Nephrology (Saint-Petersburg) ◽

10.24884/1561-6274-2018-22-5-9-16 ◽

2018 ◽

Vol 22 (5) ◽

pp. 9-16 ◽

Cited By ~ 3

Author(s):

M. Z. Gasanov

Keyword(s):

Kidney Disease ◽

Muscle Mass ◽

Protein Metabolism ◽

Mammalian Target Of Rapamycin ◽

Healthy Person ◽

Scientific Review ◽

Cytoskeleton Organization ◽

Molecular Aspects ◽

End Stage

In recent decades, the main pathogenetic mechanisms for maintaining muscle mass and strength have been discovered. Most of the scientific papers on the molecular aspects of the pathogenesis of sarcopenia were focused on the Akt-signaling pathway. The subject of the study were people of elderly and senile age, immobilized patients, patients with CKD 1-4 stages, animals. However, recently more attention has been paid to the role of protein – the mammalian target of rapamycin mTOR. It seems to be a key link in the control of muscle mass and is a promising marker in understanding the mechanisms of the pathogenesis of sarcopenia. Its importance in protein metabolism in patients with end stage kidney disease is not studied and requires further research. The presented scientific review contains information on the role of mTOR and its components – mTORC1 and mTORC2 in maintaining muscle mass and strength in a healthy person and in the formation of sarcopenia in patients with CKD. The general aid of mTORC1 complex is regulation of protein production which is necessary for cell growth and differentiation. mTORC2 complex functions are not enough studied.

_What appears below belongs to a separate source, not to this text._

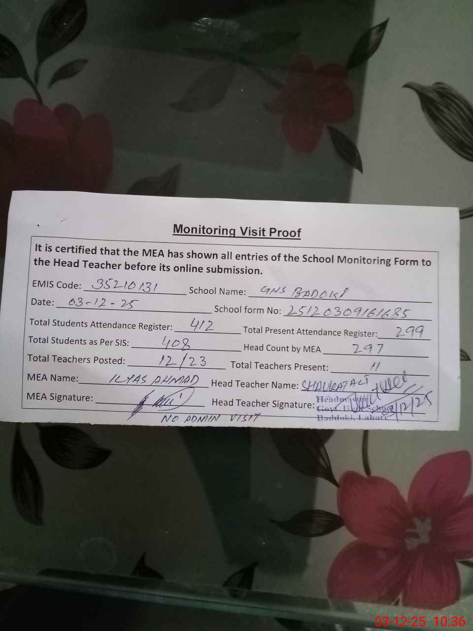 | Attendance Register | Head Teacher | MEA with School | Visit Proof |
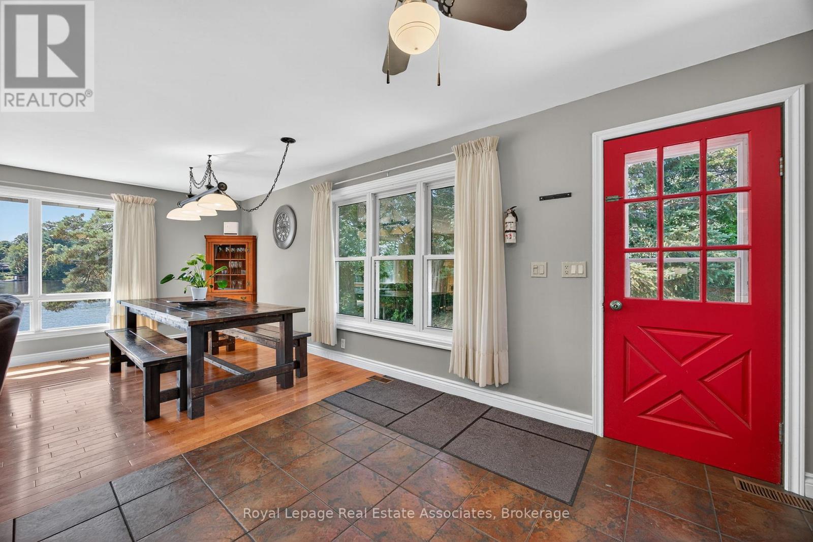 Welcome to your dream Muskoka retreat! Nestled on the sought-after Narrows in Huntsville, this beautifully renovated 4-level side split home offers the perfect blend of year-round comfort, modern upgrades, and classic cottage charm. Enjoy southern exposure and panoramic waterfront views from your expansive private dock, ideal for relaxing, entertaining, or setting off on a boat ride to explore over 60 kms of boating & four connected lakes Fairy, Vernon, Mary, and Peninsula. Whether you're into water sports, fishing, or scenic cruising, this location delivers the full Muskoka experience right from your backyard. Inside, the home features 4 spacious bedrooms, a flowing layout perfect for families or guests, and tastefully updated finishes throughout. The main living areas are bright and welcoming, with large windows that bring the outdoors in. Additional highlights include a double car garage with loft storage, ideal for all your gear, toys, and seasonal items. Located just minutes from downtown Huntsville, you'll enjoy easy access to shopping, dining, schools, healthcare, and all big-town amenities while still feeling tucked away in a serene waterfront setting. This is a rare opportunity to own a turnkey waterfront property in one of Muskoka's most desirable locations. Whether you're seeking a permanent residence, a vacation getaway, or an investment, this home checks every box. Recently Upgraded in 2020, Furnace 2019, Septic replaced (2004) with fast system 0.5 visual and audio alarm system, and Raised bed (bubbler system estimated value $10,000.00) documentation available, Newer Weepers Installed around Perimeter of home, 2012 additional dock elements added to dock (ramp 6 x 12 & dock 12 x20 $8017.35) documentation available. (id:64974)

It is established that it plays important role in such biological processes as cytoskeleton organization, intracellular homeostasis maintaining, so it provides cell resistance and cell survivability in negative external and internal impulses. mTOR protein can be considered as promising molecular marker in diagnostics of protein metabolism early disturbances in patients with CKD and also as additory factor of sarcopenia severity assessment.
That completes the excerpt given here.